Your task
Note on the material below: return exactly the lines from the line that holds "首頁 > 全部商品 > 正韓 好可愛愛心補丁 條紋棉T上衣【E7A4289】韓國代購" through the line that holds "Посетители фестиваля не", and leave out each picture.
┌────────
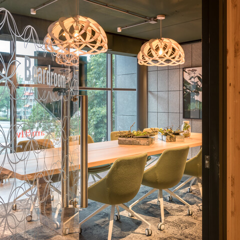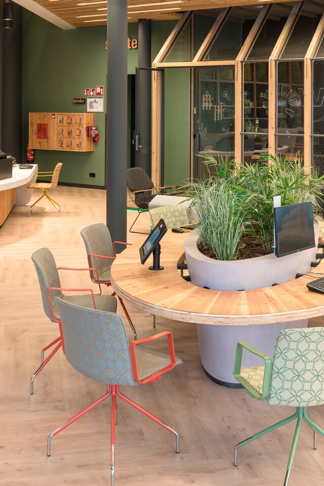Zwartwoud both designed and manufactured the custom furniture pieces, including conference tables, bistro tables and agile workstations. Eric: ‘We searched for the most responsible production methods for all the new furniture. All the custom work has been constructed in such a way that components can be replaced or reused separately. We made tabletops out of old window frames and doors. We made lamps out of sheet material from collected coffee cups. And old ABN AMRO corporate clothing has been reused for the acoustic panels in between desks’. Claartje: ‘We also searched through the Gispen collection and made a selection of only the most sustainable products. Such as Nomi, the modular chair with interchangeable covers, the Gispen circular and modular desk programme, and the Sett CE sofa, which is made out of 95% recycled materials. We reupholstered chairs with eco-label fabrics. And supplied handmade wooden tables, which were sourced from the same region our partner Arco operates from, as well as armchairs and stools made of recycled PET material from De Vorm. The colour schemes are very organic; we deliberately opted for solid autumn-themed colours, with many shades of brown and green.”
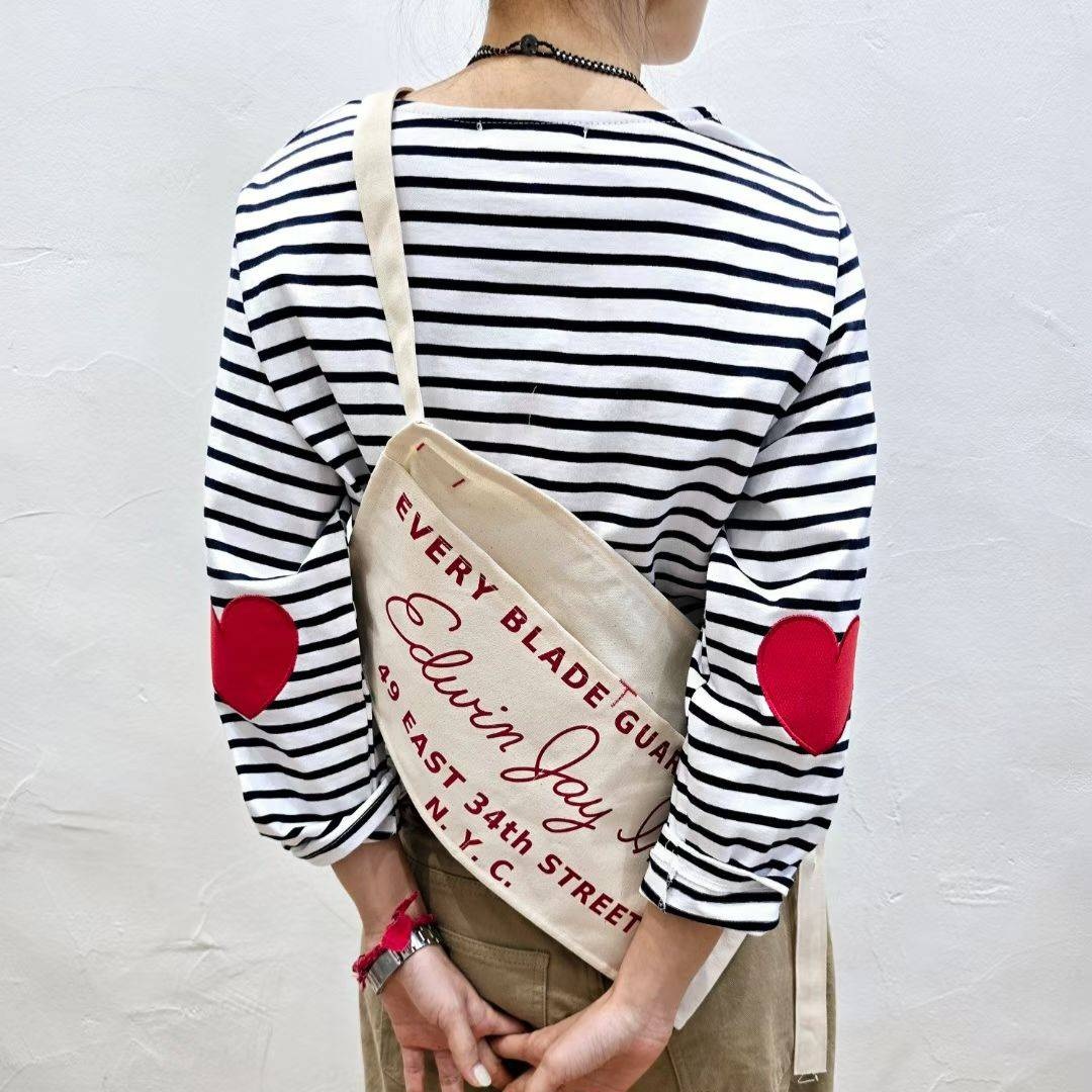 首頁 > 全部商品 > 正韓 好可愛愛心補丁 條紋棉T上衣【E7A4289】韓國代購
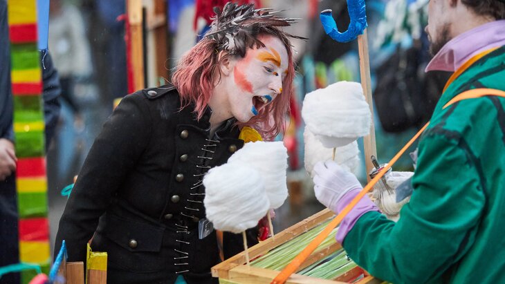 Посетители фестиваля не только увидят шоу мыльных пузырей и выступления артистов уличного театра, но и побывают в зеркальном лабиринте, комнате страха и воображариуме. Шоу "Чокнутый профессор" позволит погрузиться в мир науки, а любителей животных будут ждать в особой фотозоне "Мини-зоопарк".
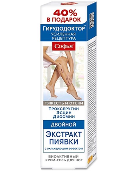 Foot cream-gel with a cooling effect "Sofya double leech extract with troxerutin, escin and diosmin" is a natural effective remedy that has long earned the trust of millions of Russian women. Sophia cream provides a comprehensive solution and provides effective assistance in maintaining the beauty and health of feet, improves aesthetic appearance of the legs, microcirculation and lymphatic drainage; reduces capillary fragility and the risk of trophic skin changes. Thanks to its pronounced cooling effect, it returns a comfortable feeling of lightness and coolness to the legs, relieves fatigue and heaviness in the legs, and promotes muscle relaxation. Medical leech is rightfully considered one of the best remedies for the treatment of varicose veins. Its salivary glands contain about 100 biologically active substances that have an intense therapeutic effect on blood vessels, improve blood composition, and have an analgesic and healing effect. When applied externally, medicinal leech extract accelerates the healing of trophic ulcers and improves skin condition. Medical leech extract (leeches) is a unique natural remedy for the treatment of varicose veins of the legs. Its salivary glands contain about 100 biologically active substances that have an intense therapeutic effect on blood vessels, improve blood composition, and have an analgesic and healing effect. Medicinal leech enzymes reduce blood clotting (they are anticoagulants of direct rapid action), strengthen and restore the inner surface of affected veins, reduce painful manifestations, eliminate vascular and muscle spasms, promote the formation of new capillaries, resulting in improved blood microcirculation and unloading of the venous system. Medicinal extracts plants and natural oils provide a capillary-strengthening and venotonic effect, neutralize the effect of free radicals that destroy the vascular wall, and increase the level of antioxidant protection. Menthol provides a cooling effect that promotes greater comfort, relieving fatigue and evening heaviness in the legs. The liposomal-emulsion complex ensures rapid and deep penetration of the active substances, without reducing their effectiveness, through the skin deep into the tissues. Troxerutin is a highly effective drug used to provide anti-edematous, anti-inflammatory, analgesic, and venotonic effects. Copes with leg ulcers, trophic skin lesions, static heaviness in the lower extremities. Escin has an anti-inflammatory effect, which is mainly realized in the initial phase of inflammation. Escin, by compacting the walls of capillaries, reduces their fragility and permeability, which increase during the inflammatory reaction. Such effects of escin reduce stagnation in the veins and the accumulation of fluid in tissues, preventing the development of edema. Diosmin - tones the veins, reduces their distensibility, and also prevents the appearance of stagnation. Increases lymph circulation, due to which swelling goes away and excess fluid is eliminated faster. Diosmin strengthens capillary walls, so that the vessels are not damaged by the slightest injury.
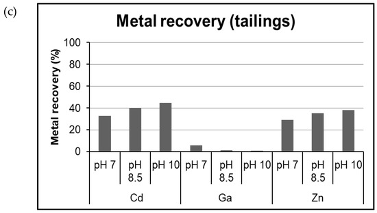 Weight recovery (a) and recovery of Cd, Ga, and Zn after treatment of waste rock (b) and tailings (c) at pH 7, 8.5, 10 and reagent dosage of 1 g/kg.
└────────
Final answer
 首頁 > 全部商品 > 正韓 好可愛愛心補丁 條紋棉T上衣【E7A4289】韓國代購
 Посетители фестиваля не только увидят шоу мыльных пузырей и выступления артистов уличного театра, но и побывают в зеркальном лабиринте, комнате страха и воображариуме. Шоу "Чокнутый профессор" позволит погрузиться в мир науки, а любителей животных будут ждать в особой фотозоне "Мини-зоопарк".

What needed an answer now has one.